The conformance-client comment correction is doc-only: the harness picks LATEST_SPEC_VERSION vs DRAFT_PROTOCOL_VERSION per-scenario when --spec-version is omitted, not a flat LATEST_SPEC_VERSION. The value is still log-only today.

How Has This Been Tested?

Three new tests in tests/client/test_auth.py:

  • test_handle_token_response_backfills_omitted_scope_from_request
  • test_handle_refresh_response_carries_prior_scope_when_response_omits_it
  • test_issuer_binding_re_evaluated_after_asm_when_prm_discovery_failed — drives the auth-flow generator through PRM 404×2 → root ASM 200 with a mismatched issuer and asserts the next yield is a DCR request, not the stale client's authorize redirect

The existing tests/interaction/auth/test_lifecycle.py SEP-2352 migration test exercises the oauth_metadata = None clear on the PRM-success path.

Breaking Changes

None.

Types of changes

  • Bug fix (non-breaking change which fixes an issue)
  • New feature (non-breaking change which adds functionality)
  • Breaking change (fix or feature that would cause existing functionality to change)
  • Documentation update

Checklist

  • I have read the MCP Documentation
  • My code follows the repository's style guidelines
  • New and existing tests pass locally
  • I have added appropriate error handling
  • I have added or updated documentation as needed

Additional context

The 403 step-up path also skips PRM/ASM discovery entirely, so after a restart it can fall back to /authorize and /token on the resource server's origin rather than the AS. That fix needs the discovery sequence factored into a sub-generator both the 401 and 403 branches can drive — out of scope for this PR.

AI Disclaimer

maxisbey added 2 commits June 20, 2026 21:32
When --spec-version is omitted, the conformance harness picks the version
per-scenario (LATEST_SPEC_VERSION for active scenarios, DRAFT_PROTOCOL_VERSION
for draft-only ones), not a flat LATEST_SPEC_VERSION. The variable is still
log-only today, but the stateless 2026 client path will branch on it.
Three follow-up fixes to the SEP-2352 / SEP-2350 work:

- Backfill an omitted token-response `scope` with the requested scope
  (RFC 6749 §5.1/§6) before persisting, so the SEP-2350 step-up union
  still recovers prior grants after a process restart when the
  authorization server omits `scope` because granted == requested.
  Applied to both the authorization-code and refresh response handlers.

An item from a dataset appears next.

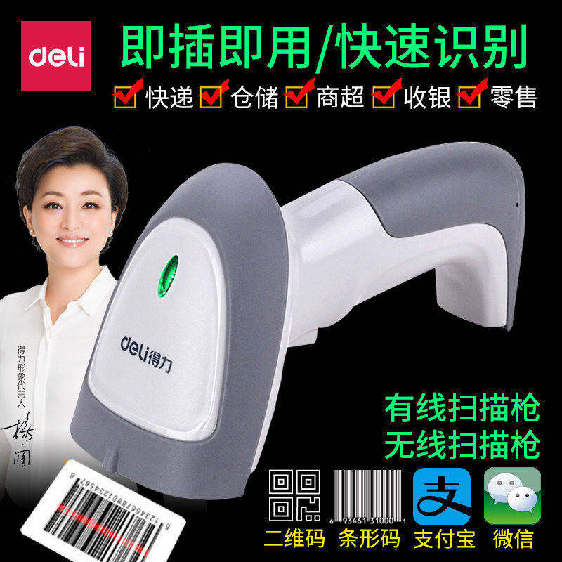 Deli Supermarket One-R кодовой сканирующий пистолет USB-код сканирующий штрих-код штрих-кода беспроводной лазерный штрих-код экспресс экспресс-поставка заказы на код супермаркета сканирование

- Clear cached `oauth_metadata` when the SEP-2352 issuer-mismatch block
  discards bound credentials, so a subsequent ASM-discovery failure for
  the new authorization server cannot leave the old server's
  registration/token endpoints in place for Step 4.

- Re-evaluate the SEP-2352 issuer-binding check against
  `oauth_metadata.issuer` after ASM discovery on the legacy no-PRM path
  (PRM discovery failed, AS found via root well-known fallback),
  mirroring the existing stamping-side fallback so stale credentials are
  still discarded when the binding can only be learned post-ASM.
@maxisbey maxisbey marked this pull request as ready for review June 20, 2026 21:36
Comment on lines 591 to 599
logger.debug("Authorization server changed; discarding bound credentials and re-registering")
self.context.client_info = None
self.context.clear_tokens()
# Any cached AS metadata is for the old server; drop it so a failed
# rediscovery cannot leak the old registration/token endpoints into Step 4.
self.context.oauth_metadata = None

asm_discovery_urls = build_oauth_authorization_server_metadata_discovery_urls(
self.context.auth_server_url, self.context.server_url

Copy link
Copy Markdown
Contributor

Choose a reason for hiding this comment

The reason will be displayed to describe this comment to others. Learn more.

🟡 When the issuer changes but ASM discovery for the new AS fails in the same flow, Step 4 still falls back to urljoin(resource-origin, '/register') and stamps client_information.issuer = auth_server_url (the new AS) on credentials actually registered with the old embedded AS — persisting exactly the mis-bound record the oauth_metadata = None clear is meant to prevent, and credentials_match_issuer will then accept it on every later 401 with no auto-recovery. Consider failing the flow (or skipping the issuer stamp / the legacy /register fallback) when the issuer changed but the new AS's metadata could not be discovered.

Extended reasoning...

The residual gap. The new self.context.oauth_metadata = None (oauth2.py:594-596) correctly stops a stale discovered registration_endpoint from being reused after an issuer change. But it only changes where the fallback registration goes, not the fact that a registration performed against an endpoint never derived from the new issuer is still stamped with the new issuer. If ASM discovery for the new AS fails in the same flow, Step 4 registers at the resource origin's legacy /register and binds that record to the new issuer, persisting it via storage.set_client_info before token exchange.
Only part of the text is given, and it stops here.